Beneath this line sits some data. Return only its lines from the one holding "New 3 Ĺarge" through the one holding "Geometric Patterns Illustration.", inclusive, exactly, with the images removed.

» Data excerpts
%%

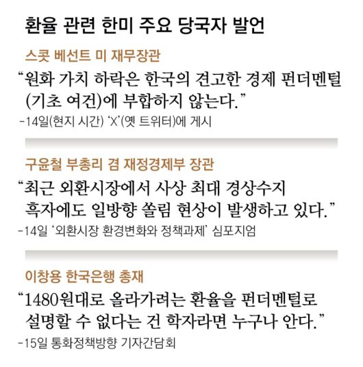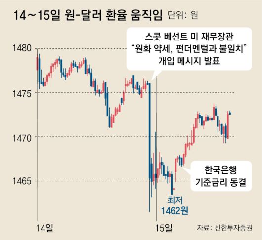스콧 베선트 미국 재무장관이 한국 원화 가치 하락에 이례적으로 강한 구두 개입성 메시지를 내놨지만 환율 상승세를 잡지 못했다. 원-달러 환율은 베선트 장관의 메시지가 공개된 뒤 반짝 하락했지만 15일 장중 1470원을 다시 넘겼다.
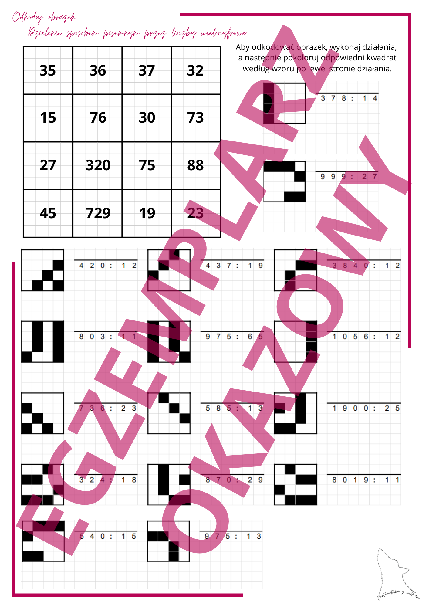 Odkoduj obrazek - dzielenie sposobem pisemnym przez liczby wielocyfrowe
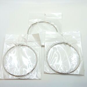 New 3 Ĺarge Pairs Silver Hoops New In Package Women's
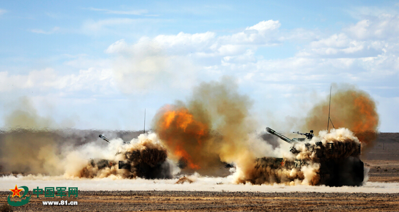 ????Soldiers from an armored brigade under the Chinese PLA’s 21st Group Army conduct tank gunnery training at a training area on July 17, 2015. (Source: www.81.cn)
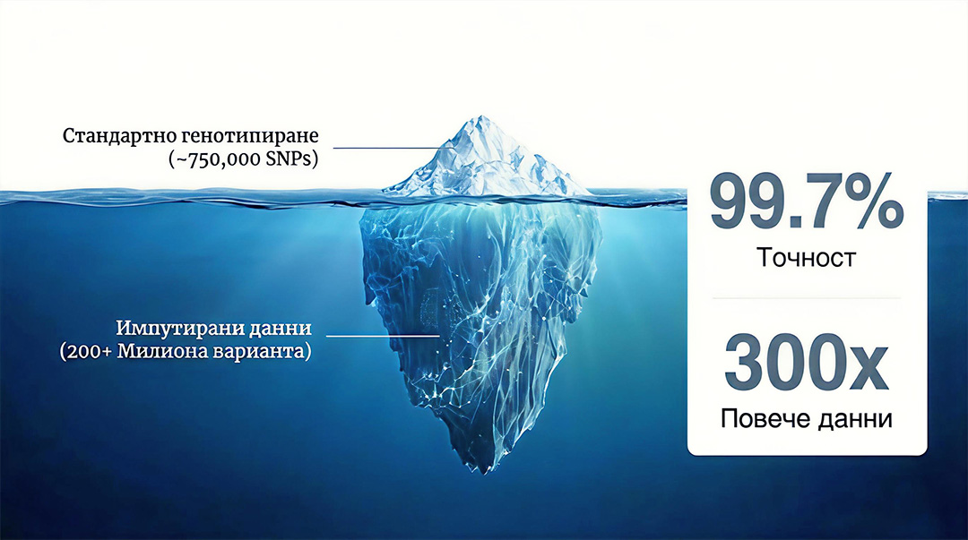 | Брой анализирани варианти (SNPs) | 83,000,000+ | ~650,000 |
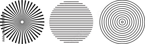 © Al, Obraz premium Three Black and White Circular Geometric Patterns Illustration.
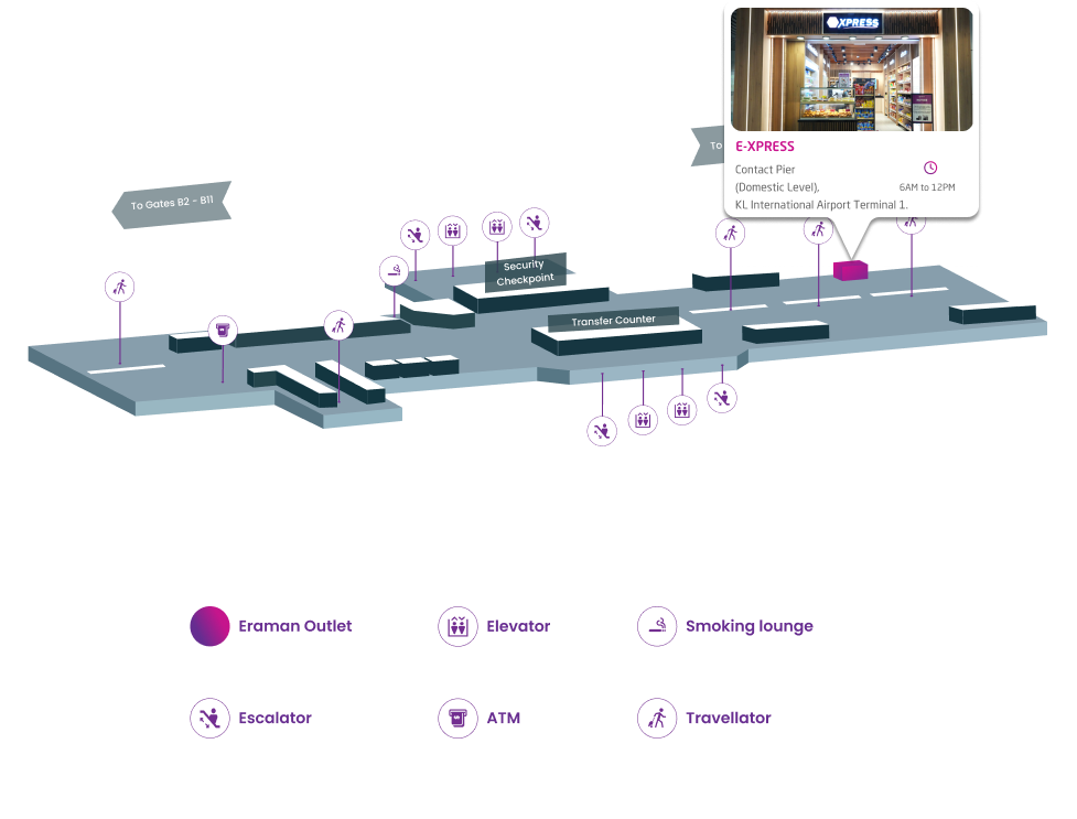 <ul><li>E-XPRESS is your one-stop convenience store for all your travel needs. Whether you're craving a quick snack, a refreshing drink, or need to pick up last-minute essentials, E-XPRESS has you covered. From indulgent chocolates and freshly baked bread to local treats and sandwiches, there's something for every traveler. Don't forget to grab a hot cup of coffee to keep you energized on your journey. E-XPRESS ensures you're always prepared, whether you're in a hurry or have time to browse.</li></ul>

%%

» RESULT OF THE EXERCISE
 New 3 Ĺarge Pairs Silver Hoops New In Package Women's
 ????Soldiers from an armored brigade under the Chinese PLA’s 21st Group Army conduct tank gunnery training at a training area on July 17, 2015. (Source: www.81.cn)
 | Брой анализирани варианти (SNPs) | 83,000,000+ | ~650,000 |
 © Al, Obraz premium Three Black and White Circular Geometric Patterns Illustration.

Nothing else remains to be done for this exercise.